Sándor Rott (né Sándor Rottmann; 27 November 1868 – 16 December 1942), was a Hungarian actor, theater director, and screenwriter. He was nicknamed, kis Rottról, and was known for his comic roles.

== Early life and family ==
Sándor Rott was born with the name Sándor Rottmann on 27 November 1868, in Pest in Budapest, Austria-Hungary (now Hungary). He was Jewish. His parents were Adolf Rottmann (1821–1908) a tailor, and Katalin Silbermann (1835–1916), the family lived in the Jewish quarter (Erzsébetváros) on Király Street.

On 31 May 1910, he married the actress/singer Berta Türk in Terézváros, Budapest. His wife converted to Judaism; and they had three sons and a daughter.

== Career ==
His career began with a contract with the Folies Caprice in 1891, where Rott gained popularity, together with his partner, Géza Steinhardt. There he became one of Budapest's best-known actors. Rott made several guest appearances in Vienna, where he proved to be a first-rate comedian.
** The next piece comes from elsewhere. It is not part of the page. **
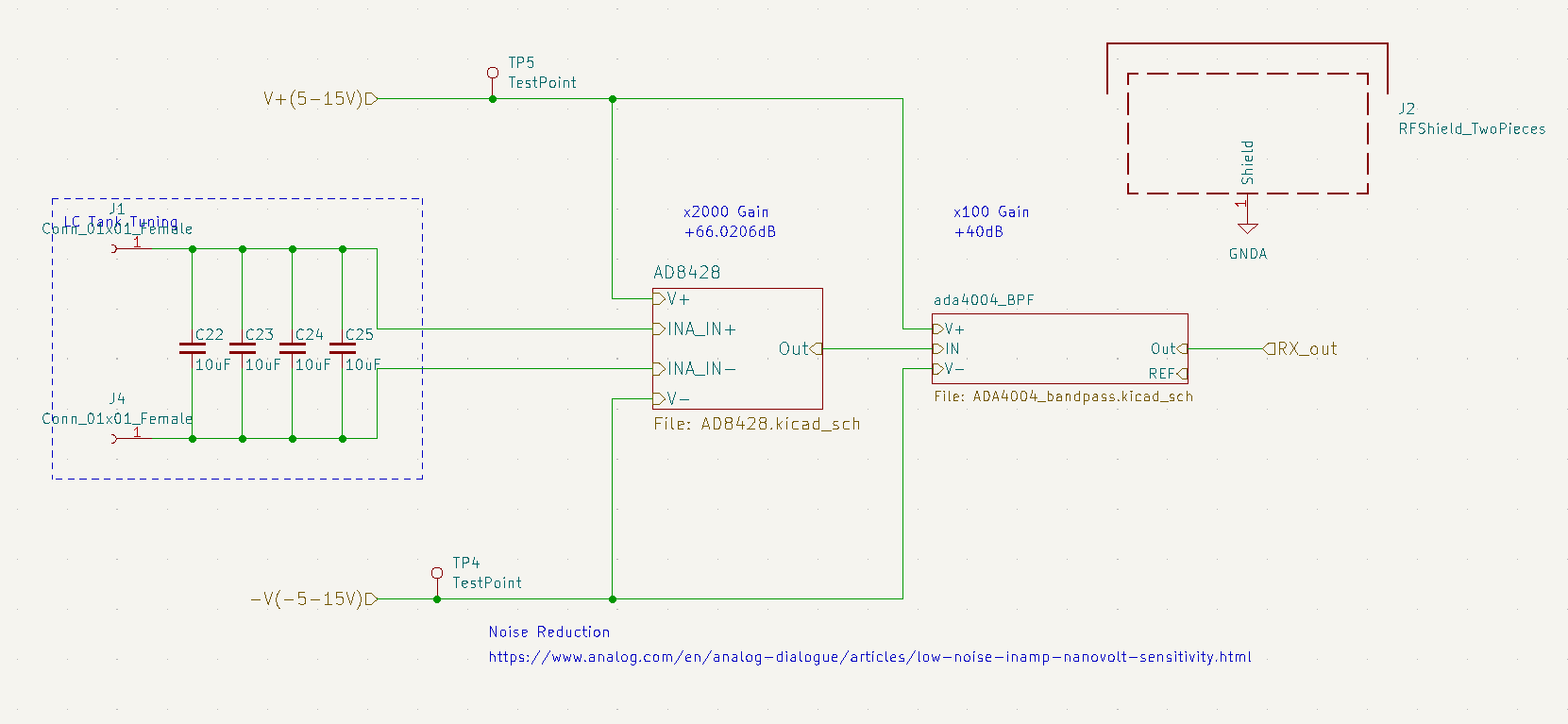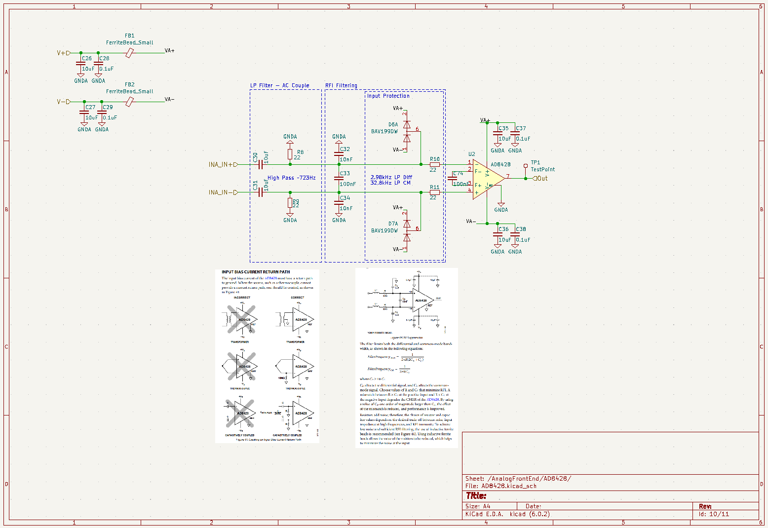 - High Gain amplification. For this I’m using an AD8428 fixed 66dB gain low noise instrumentation amplifier. In addition to its low noise characteristics its not exorbitantly expensive like jfets. You can dead-bug these amplifiers to improve the noise characteristics as outlined in this application note. Awesome paper in general is this one.

He was an independent theater director in the capital for ten years, and between 1918 and 1927, he led the "Little Comedy Theater" (Kis Komédia) together with Steinhardt. In 1928, he performed as a guest at the Budapest Operetta Theatre and the Andrássy út Szinház theatre, followed by a tour in German-speaking countries, and some neighboring countries until 1935. He was known for his performance in Kalábriászparti (English: Calabrian Coast) which was a mute comedy role.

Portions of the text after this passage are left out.